Bon à tirer (B.A.T.)
Also known as: B.A.T. · BAT · Ready to print · Right to print
French for "good to print". The single approved proof — signed by the artist before the edition is pulled — that the printer matches every subsequent impression against.
Bon à tirer — "B.A.T." or "BAT" — is the master proof for a printmaking edition. The artist works with the printer through a series of trial proofs (printed states) until colour, registration, ink density, and paper are exactly as intended. The final approved proof is signed "B.A.T." by the artist; from that point, every impression in the edition is matched to it.
There is only one B.A.T. per edition. It's not part of the numbered run — it's the reference standard. Traditionally it stays with the printer as a record of what the artist approved; in modern practice the printer may keep it, the artist may take it, or both may retain a duplicate.
B.A.T. is more relevant in traditional printmaking (intaglio, screenprint, lithography) than in giclée editions.

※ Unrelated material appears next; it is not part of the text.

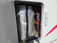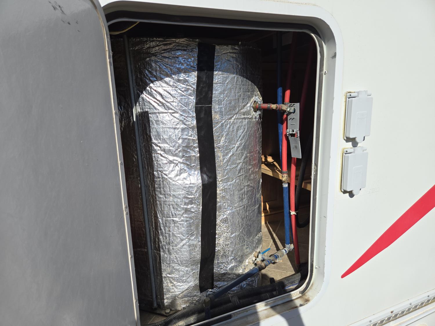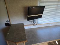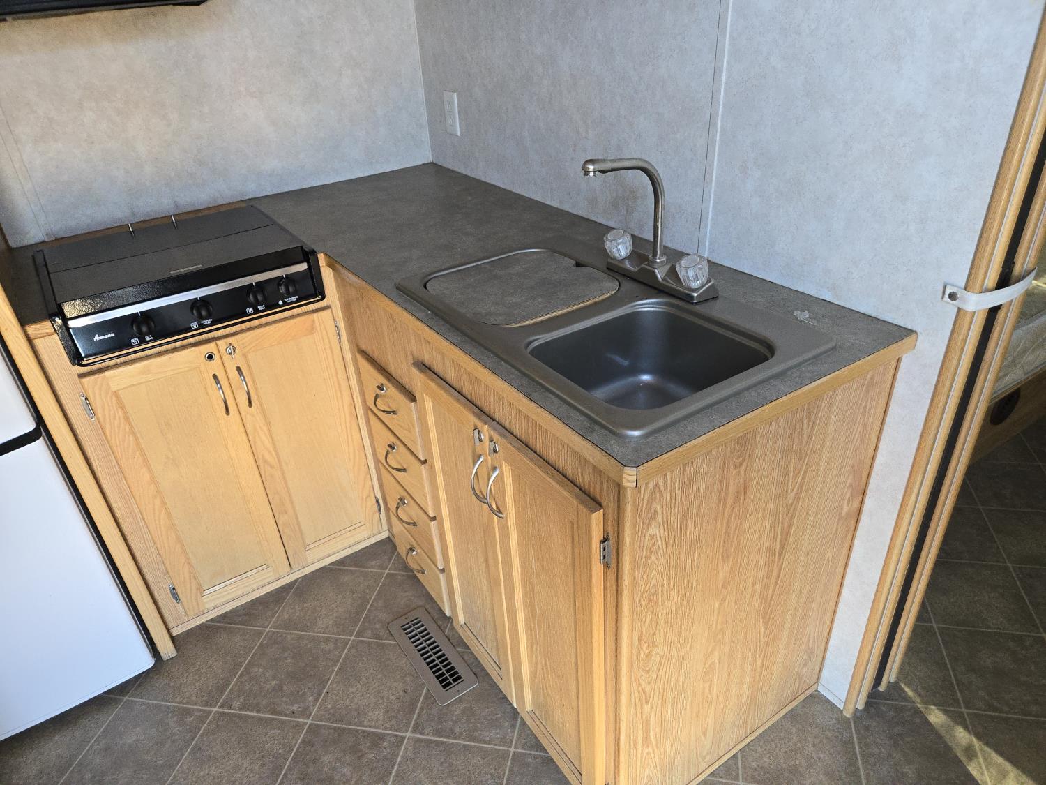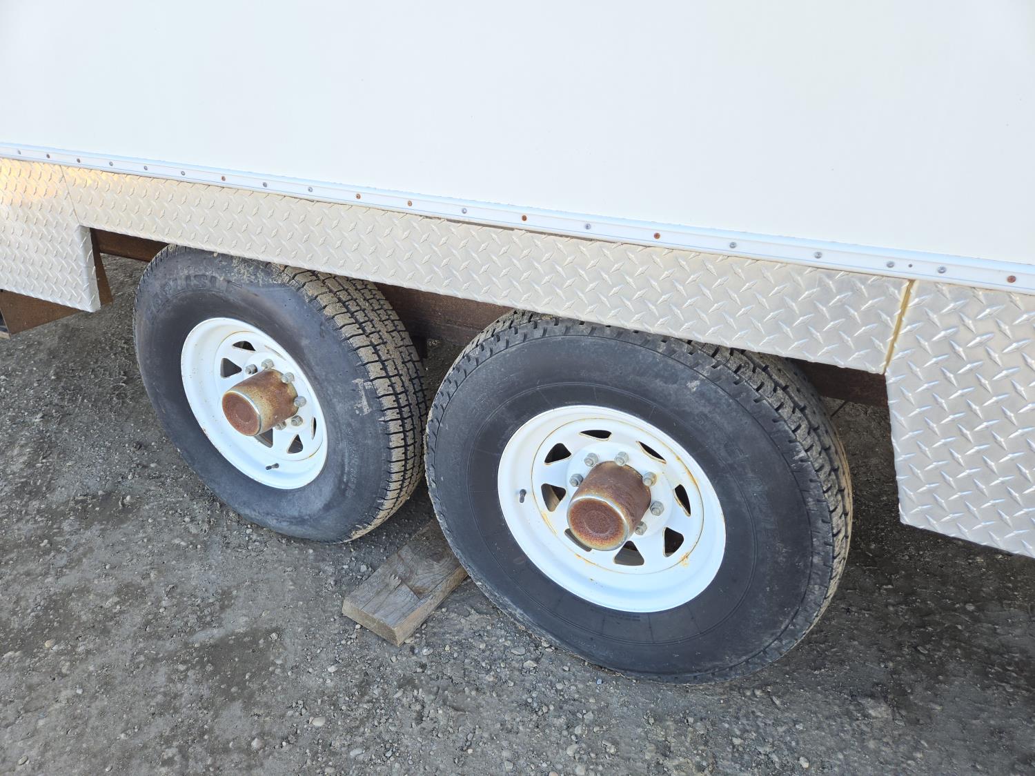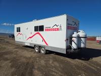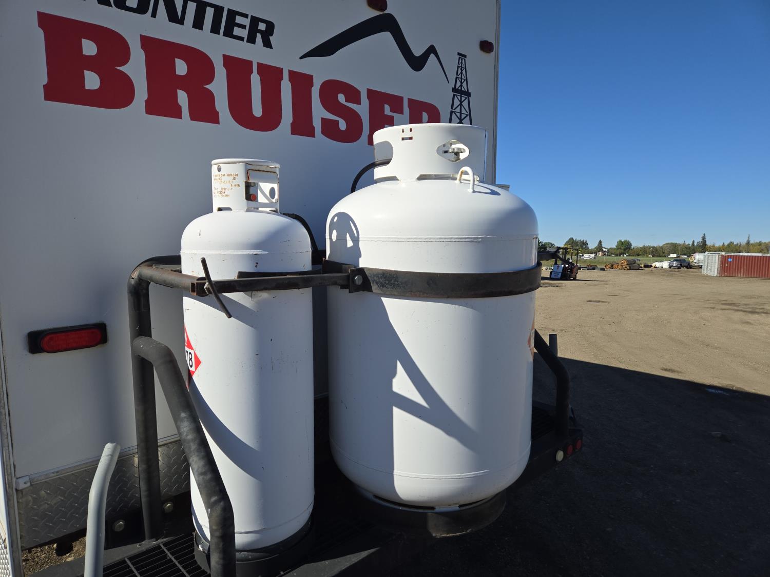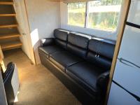 Office area with desk, kitchen with stove top, fridge and microwave, full bathroom with shower, A/C, couch, front bedroom, (2) 108 L & (1) 450 L propane tanks torsion suspension, 7000 lb axles, 235/85R16 tires
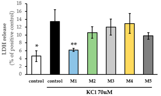 We investigated the potential protective activity of M1–M5 against Ca2+ overload in the SH-SY5Y cells as in Cavallaro et al. [8]. For this purpose, the SH-SY5Y cells, previously treated with the aforementioned compounds, were subsequently exposed for 24 h to depolarizing medium containing 70 mM KCl, which induced Ca2+ overload and cell death. The M1–M5 were administered 24 h before the incubation of the cells with high K+ and maintained throughout the experiment. Subsequently, the LDH release was measured as a marker of the cell damage. As shown in Figure 4, only compound M1 was shown to exhibit cytoprotective effects against 70 mM KCl treatment.

For an intaglio edition pulled by hand, each impression involves human judgement on ink loading and pressure; the B.A.T. is the reference against which the printer decides whether each pull is acceptable. For a giclée edition where every print is a calibrated digital file run through an ICC-profiled workflow, there's less variation between impressions and the B.A.T. becomes more of a formal convention than a practical reference.
When a B.A.T. surfaces at auction it usually carries a premium — it's the one impression the artist physically signed off on as the standard for the entire edition, with a unique status that A.P. and H.C. impressions don't share.